В моей руке – гибель - Степанова Татьяна Юрьевна (библиотека книг .TXT) 📗
– Может, ты не помнишь, что с тобой было?
– Я все помню. Все! Ну, что со мной было? Отчего ты таким трагически-дурацким голосом это шепчешь? Что со мной было?
– Я видела пленку, когда тебя задерживали. Это жуткое зрелище.
– Я придушил шавку – господи, ты боже мой! – Степан снова дернул руки. – Она сама на меня бросилась, эта тварь. Что, надо было ждать, когда она кишки мне выпустит?
– Но ты и раньше это делал. Разве не правда? И не только с собаками. И тебе ЭТО нравилось.
– А ты что, из общества защиты природы, что ли?
– Для чего ты убивал животных?
– Все равно вы этого не поймете, ни ты, ни эти твои… Я хотел испытать себя, исправить кое-что в себе. Человек изуродован цивилизацией, пойми ты! Мы – вырожденцы, слабые, хилые, больные, трусливые. Мы как дети – брось нас, и мы подохнем. Но разве человек был таким создан изначально? Да он и разумным-то стал только потому, что всегда был хищником – любил свежую кровь, мясо, жаждал свободы, охоты. Леса, горы – вот был его мир, его привычная стихия, города появились потом, прошло много тысяч лет и… Человек жил как бог – вступал в битву, когда хотел жить, шел по следу, охотился, убивал, когда хотел жрать. Человек был самим собой, а не жалким выродившимся подобием…
И я хотел себя испытать. Прежде чем учить других, я хотел понять все сам. Постичь этот мир, который никто из вас уже постичь не способен. Если бы ты могла узнать то, о чем меня спрашиваешь! Как дышится там ночью, какие запахи, звуки, какие соблазны, какое там небо, как там хорошо…

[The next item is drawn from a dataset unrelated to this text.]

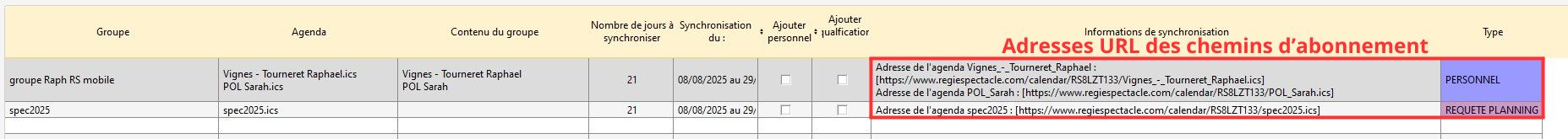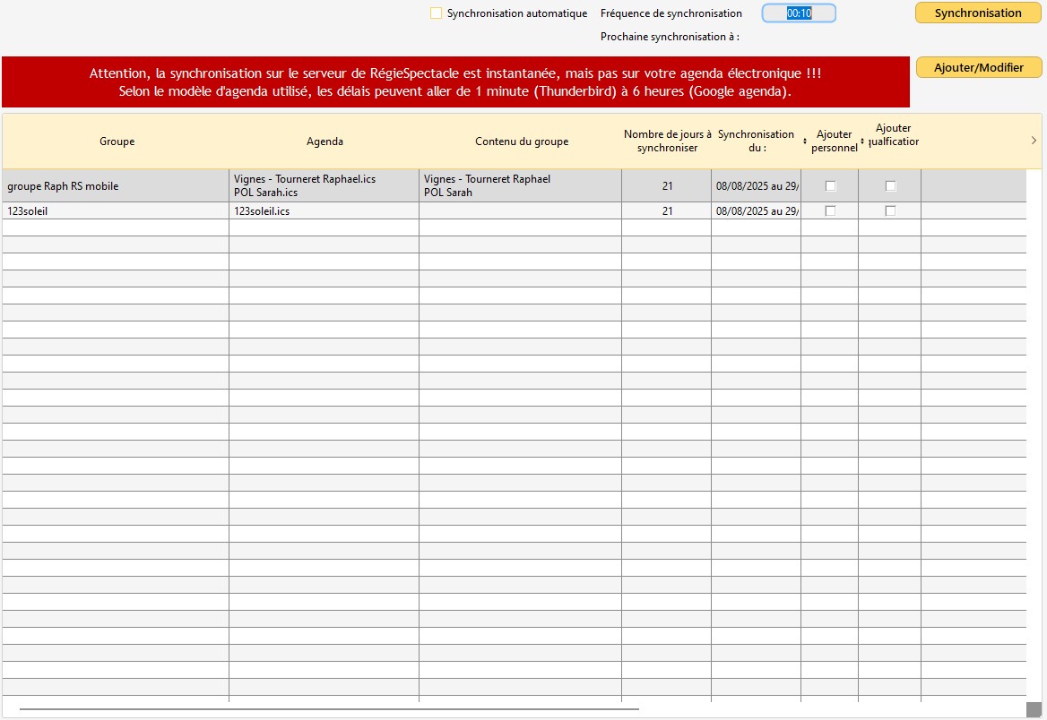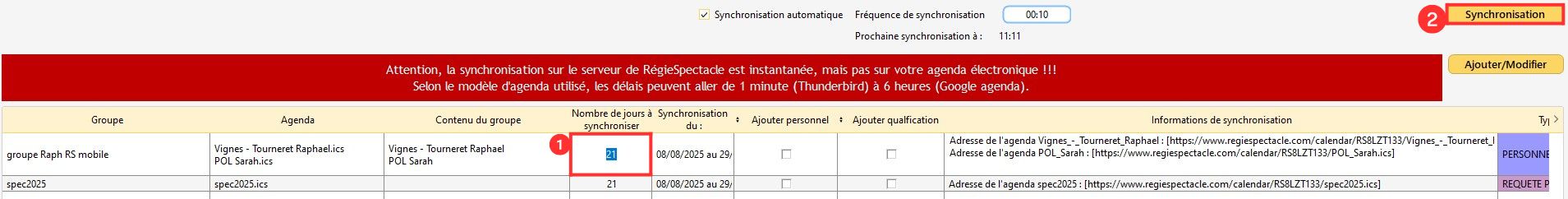Info : La synchronisation n'est pas en miroir, c'est-à-dire que la modification des agendas électroniques ne modifient pas les plannings de RégieSpectacle. La synchronisation ne se fait que dans un seul sens : de RégieSpectacle vers les agendas électroniques.

– Где там? В чаще? В лесу? В медвежьей берлоге? – Катя смотрела на его лицо: углы рта начинают подергиваться, словно нервный тик пошел… Не слова, а сам тон, манера говорить – что-то в нем действительно изменилось с тех пор, что они не виделись. Она отвела взгляд. Помнится, когда она училась в университете, их водили в Институт им. Сербского на лекции по судебной психиатрии. И там один душевнобольной, тоже молодой, здоровый парень, с таким же жаром и душевным подъемом описывал свое состояние: у него в груди – мина с часовым механизмом. Захочет – Москву взорвет ко всем чертям. Не трогай, не трогай, шарахнет! Помнится, он обстоятельно объяснял, почему он так уверен, что мина – в нем. ТАКИЕ все могут объяснить. И весьма красноречиво и убедительно…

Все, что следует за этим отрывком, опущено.